• Task prompt:
A faithful transcript of all the lines below, with no pictures, is the goal here.

====== Input data

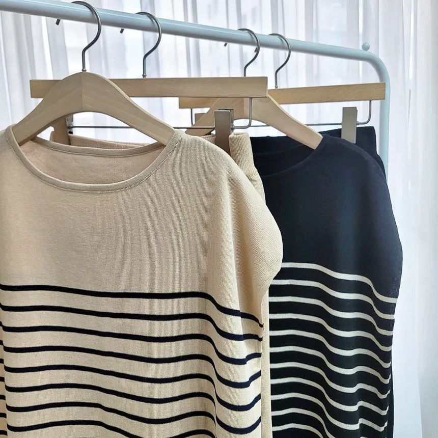 단품으로 혹은 세트로 입기 좋은 스트라이프 니트 세트에요. 레이온과 나일론 혼방의 여름 니트이고요, 어깨를 살짝 가려주는 민소매로 시원하게 입기 ~ 바지 세트로 편안하게 데일리로 활용하기 좋은 착장입니다~👍
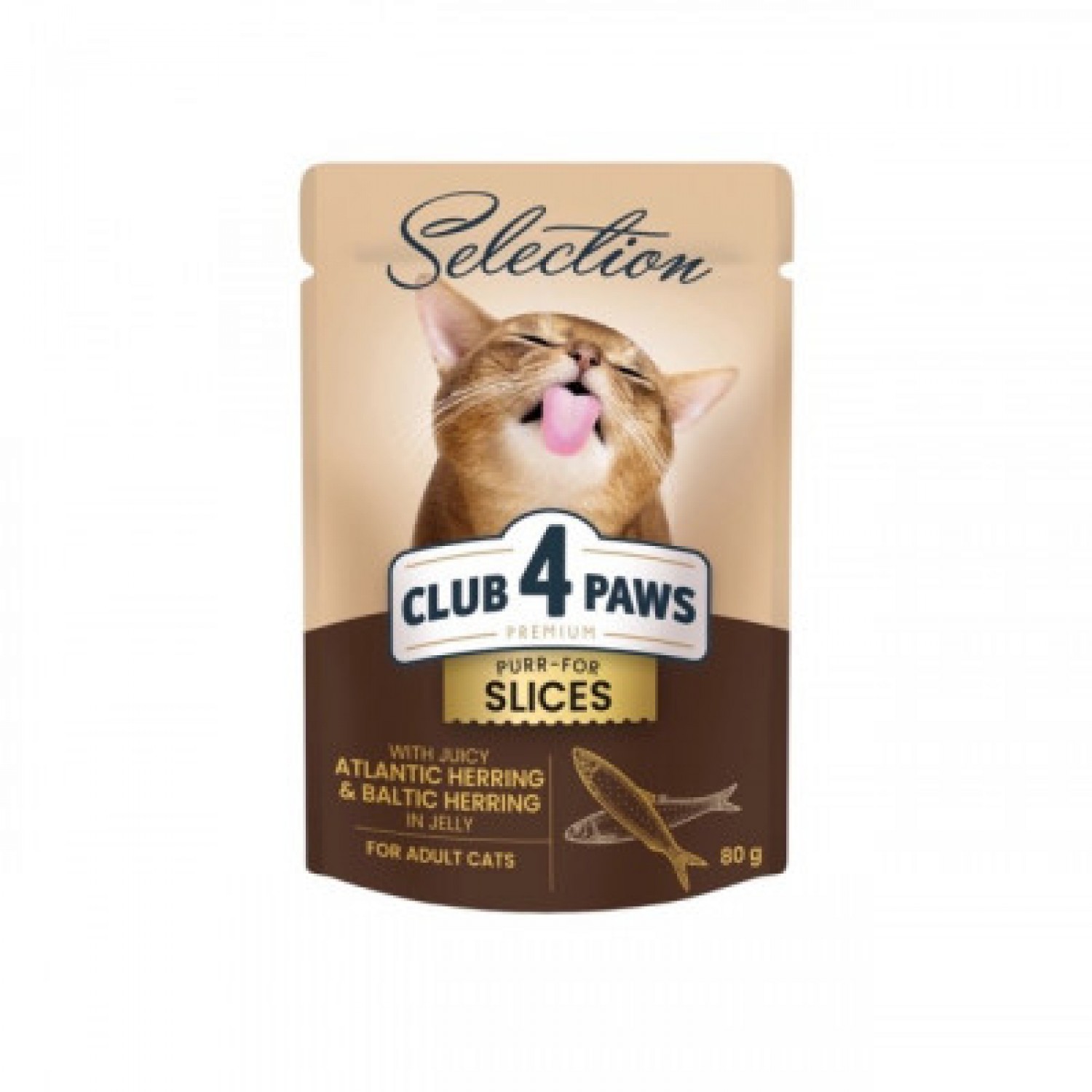 Club 4 Paws Plus Selection Cat Slices вологий корм для котів з оселедцем та салакою в желе.
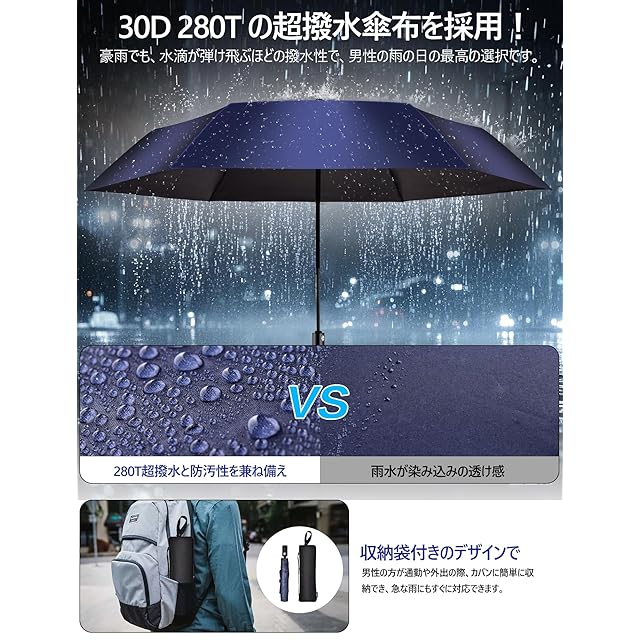 【晴雨兼用 撥水・耐風設計】:高密度撥水加工で雨水をすぐに落とし、軽く振ればすぐ乾きます。6 本のグラスファイバーと航空アルミ傘骨により、強風でも裏返っても元の形に戻る高い耐風性。晴れも雨もいつでもバックパックに入れておけば、急な天候変化にも安心です。

============

• Solution:
 단품으로 혹은 세트로 입기 좋은 스트라이프 니트 세트에요. 레이온과 나일론 혼방의 여름 니트이고요, 어깨를 살짝 가려주는 민소매로 시원하게 입기 ~ 바지 세트로 편안하게 데일리로 활용하기 좋은 착장입니다~👍
 Club 4 Paws Plus Selection Cat Slices вологий корм для котів з оселедцем та салакою в желе.
 【晴雨兼用 撥水・耐風設計】:高密度撥水加工で雨水をすぐに落とし、軽く振ればすぐ乾きます。6 本のグラスファイバーと航空アルミ傘骨により、強風でも裏返っても元の形に戻る高い耐風性。晴れも雨もいつでもバックパックに入れておけば、急な天候変化にも安心です。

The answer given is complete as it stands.